MRSA’s Third Wave: Part 1 – The Factory

1961 was a remarkable year. The Beatles introduced themselves to the world, performing live for the first time at the Cavern Club in Liverpool, England. Over in the United States, John Kennedy was sworn in as president and boldly announced his intention to land a man on the moon by the end of the decade. And there was this quiet little event far from the public eye that only decades later went on to capture the world’s attention — the birth of MRSA, first reported in the January edition of the British Medical Journal.

For its first 3 decades of life MRSA was a well-behaved child in the sense that we always knew where to find it – in the hospital and only in the hospital. Its numbers increased over the years, and we noticed, too, that it was springing up in more and more hospitals across the world; first throughout the UK, then on to the US, Europe, Asia, & Australia. But what it didn’t ever do is go out into the community.

Until the late 1990s.
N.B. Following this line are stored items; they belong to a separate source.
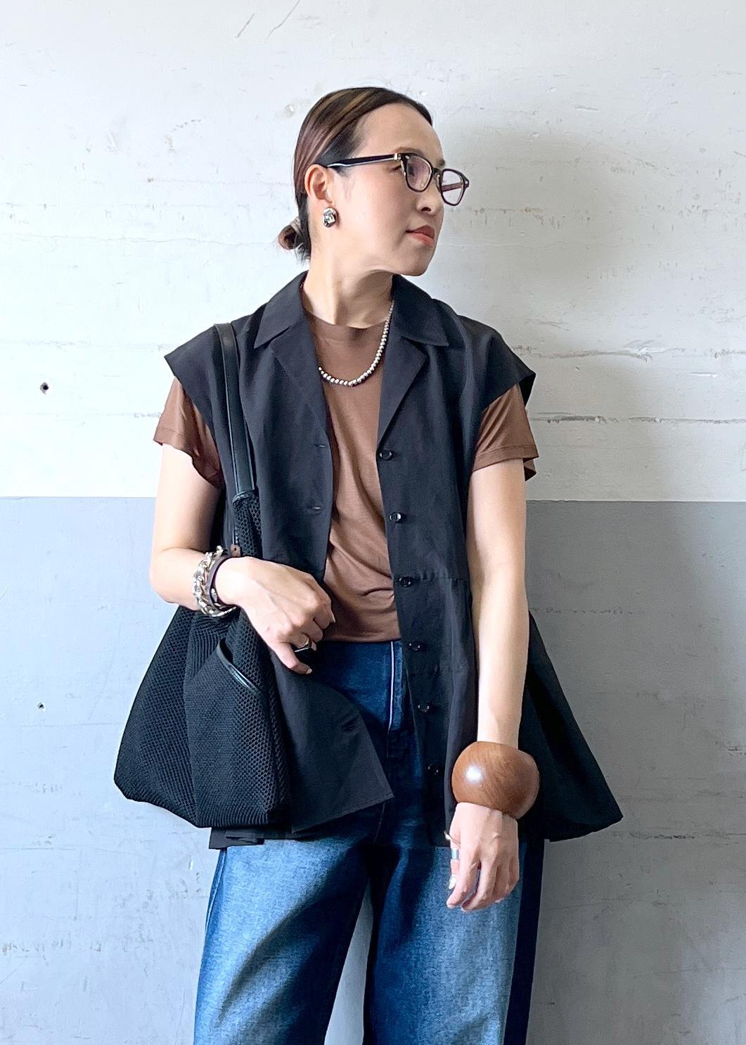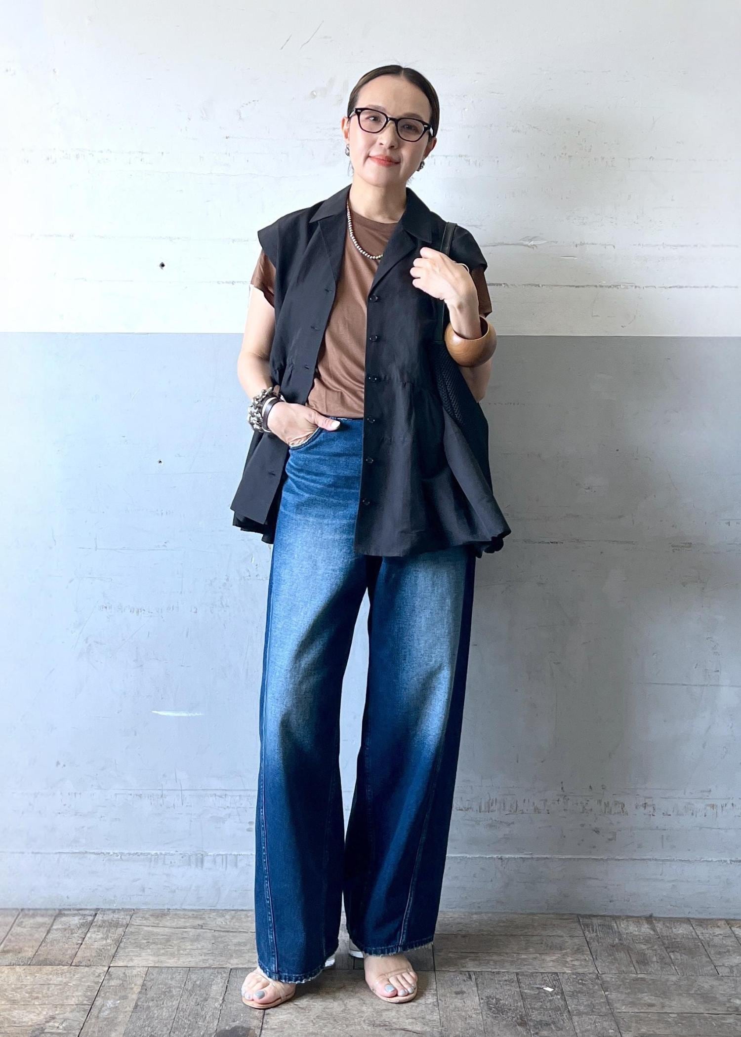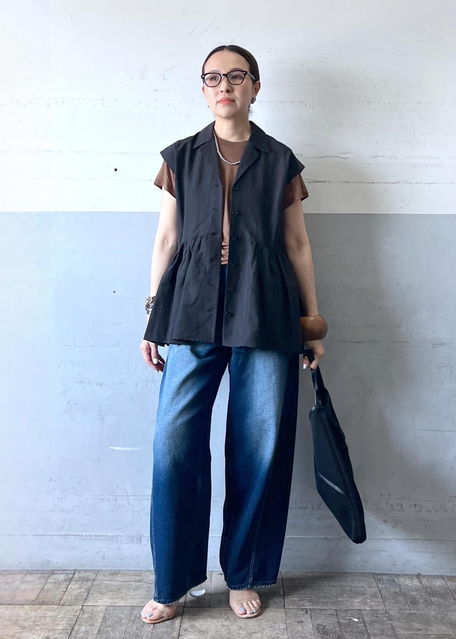 Tシャツとデニムスタイルにプラスしてこんなベストはいかがでしょうか。ペプラムがポイントのベストは前を閉じてブラウスとして着ても◎ノースリーブですがドロップショルダーになっているので気になる二の腕もやんわりとカバーしてくれます。この夏、活躍すること間違いなし!オススメです♡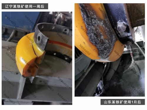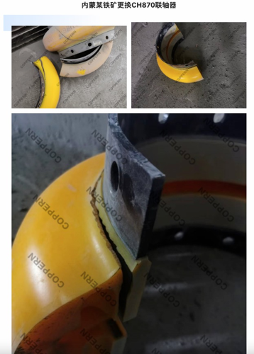 以CH870單缸圓錐破碎機(jī)為例,其設(shè)計為直傳動,軸對中精度高,旋轉(zhuǎn)支承部位振動小、溫升低、磨損小、破碎機(jī)故障率低;軸對中精度低,旋轉(zhuǎn)支承部位振動加劇、溫升高、磨損加快、破碎機(jī)故障率高,甚至?xí)斐伤捷S斷裂等事故??梢哉f,安裝聯(lián)軸器時軸對中精度的高低對破碎機(jī)運行周期及運行效率有著直接的影響。以下照片為CH870聯(lián)軸器在實際安裝因軸對中較差造成聯(lián)軸器高溫老化、撕裂的問題。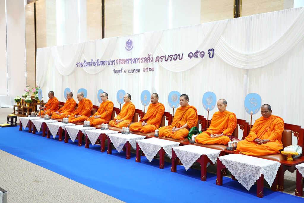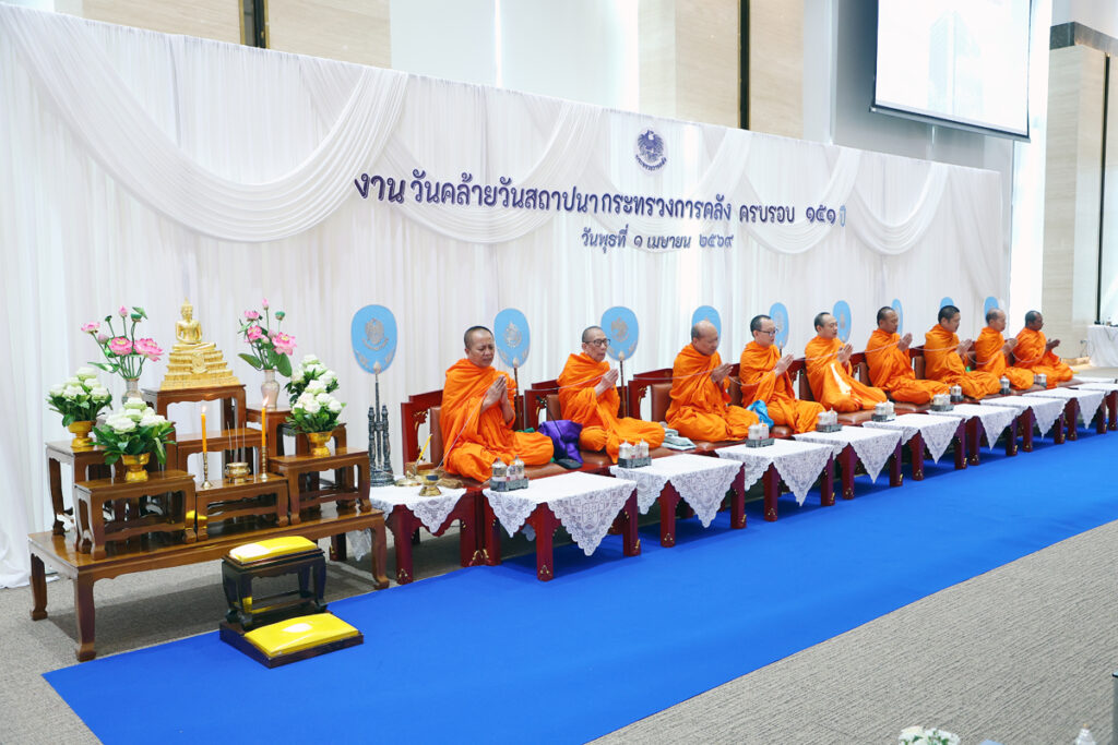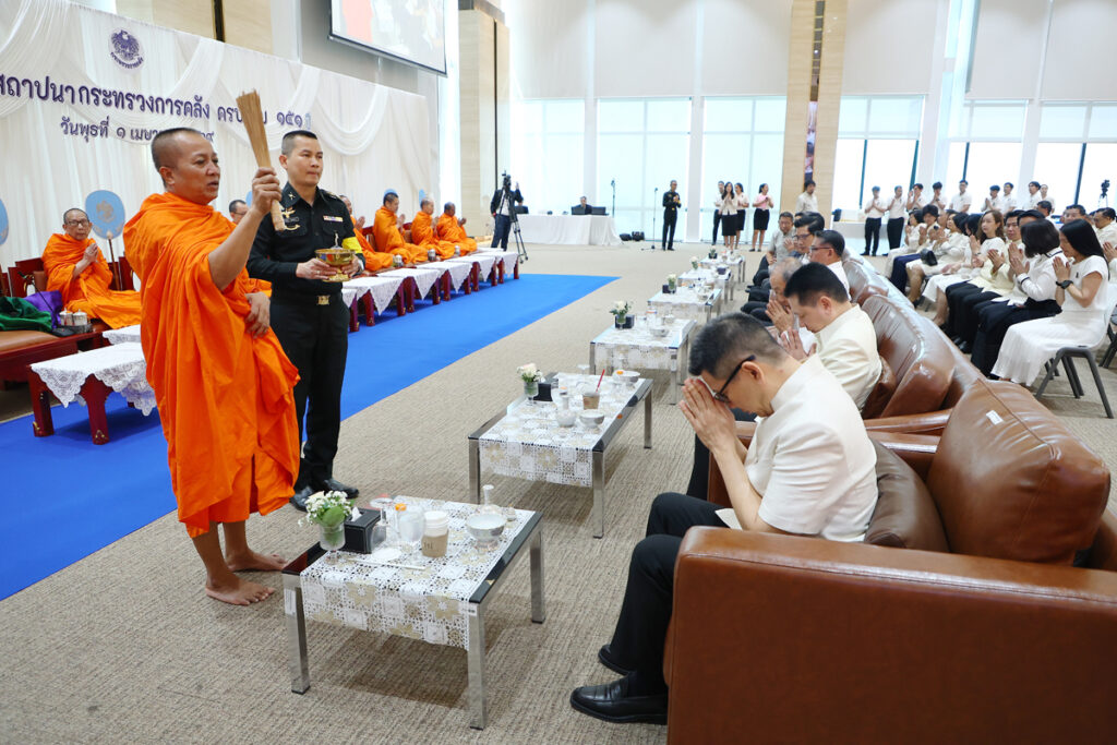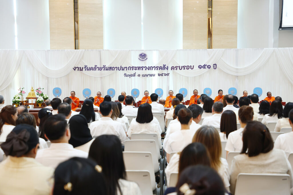 ดร.เอกนิติ นิติทัณฑ์ประภาศ รองนายกรัฐมนตรี และรัฐมนตรีว่าการกระทรวงการคลัง เป็นประธานในพิธีเจริญพระพุทธมนต์ เนื่องในโอกาสวันสถาปนากระทรวงการคลัง ครบรอบ 151 ปี โดยมี ดร.เบญจรงค์ สุวรรณคีรี ผู้ช่วยรัฐมนตรีประจำกระทรวงการคลัง นายอาร์ชวัส เจริญศิลป์ เลขานุการรัฐมนตรีว่าการกระทรวงการคลัง พร้อมด้วยนายลวรณ แสงสนิท ปลัดกระทรวงการคลัง คณะผู้บริหารระดับสูงกระทรวงการคลัง ข้าราชการ เจ้าหน้าที่กระทรวงการคลัง เข้าร่วมในพิธีฯ ในโอกาสนี้กระทรวงการคลัง ได้รับเกียรติจากอดีตปลัดกระทรวงการคลัง และอดีตผู้บริหารระดับสูงของกระทรวงการคลัง ให้เกียรติเข้าร่วมในพิธีวันสถาปนากระทรวงการคลัง ประจำปี 2569 ณ ห้องกำปั่นทอง ชั้น 21 อาคาร 150 ปี กระทรวงการคลัง เมื่อวันที่ 1 เมษายน 2569

When without warning and for reasons we still don’t fully understand a Second Wave of MRSA hit, worldwide. It was turning up in schools, senior’s homes, hostels, prisons, and amongst sports teams – crowded places. In 2007 the Journal of the American Medical Association published an editorial reporting an explosion of MRSA in the US: there were some 90,000 cases that year in which about 20,000 people died. This state of affairs continues to this day but with a new twist.

In the past few years there’s been a growing suspicion among scientists that we are on the verge a potential Third Wave of MRSA, which includes brand new strains, that is coming from our food supply. They’re concerned about animal derived food, raised and brought to market from large-scale factory farms.  The basic equation is this: antibiotics in, antibiotic-resistant organisms – MRSA – out.

They made their case using numbers from 2011 about the factory farm system in the US: That 29 million pounds (15 tons) of antibiotics, are fed to 98 billion food producing cows, pigs, chickens, and turkeys raised in confined spaces, which results in 1 billion pounds (500 million tons) of waste/manure that is discarded into the surrounding environment. They thought the bugs didn’t just remain in the environment – in the soil and crops, in the water that we drink and play in, and in the foods we eat from these animals; rather, they believed the bugs transferred to the human population, making us sick or even killing us. But they lacked was the scientific proof.

Until this summer, when two landmark studies were published in the Journal of the American Medical Association and in the Public Library of Science that confirmed their suspicions. The JAMA study looked at the incidence of MRSA in communities near factory farms and fields fertilized with manure from those farms. They found an increased incidence of MRSA infections in those nearby populations compared to communities not near factory farms. The PLOS study compared workers on factory farms to workers on traditional farms (where antibiotics aren’t used) and found significant amounts of livestock-associated MRSA (LA-MRSA) only on workers from the factory farms.

The JAMA study tells us that MRSA flows from the animals and the factory farm environment to nearby communities. The PLOS study tells us something more disturbing – it tell us there’s a new strain of MRSA out there, which they call LA-MRSA, that is being churned out by these factory farms. A new strain of MRSA means it’s resistant to more drugs than just methicillin and therefore it’s harder to treat.

Here’s how it works. Those billions of food producing animals mentioned above live their lives in confined conditions like sardines in a can. They are shot up with antibiotics to make them grow bigger and faster, and to prevent an outbreak of disease which is made more likely by the crowded conditions they’re forced to live in. The animals stand in their feces/manure. When they are slaughtered their meat is often contaminated with the bugs that live in their feces. To dispose of the tons of manure from the animal pens it’s spread over the soil and crops in nearby fields. Once there, it leaches into surface and groundwater. The farm workers, the manure, the soil, the crops, the water, and the insects and animals that feed off these things ALL act as carriers of the bugs, bringing them to our communities. And that’s exactly what the JAMA and PLOS studies showed.

The big picture is this: Old MacDonald no longer has a farm. Food production in this century has been taken over by large industrial concerns for the same reason that the production of cars, steel, and oil became dominated by giant corporations last century – there’s just no other way to keep up with the growing demand.  We have entered into a new age of food production and along with it we have given rise to a Third Wave of MRSA that if left unchecked has the potential to outstrip both the hospital and the community as a source of the pathogen.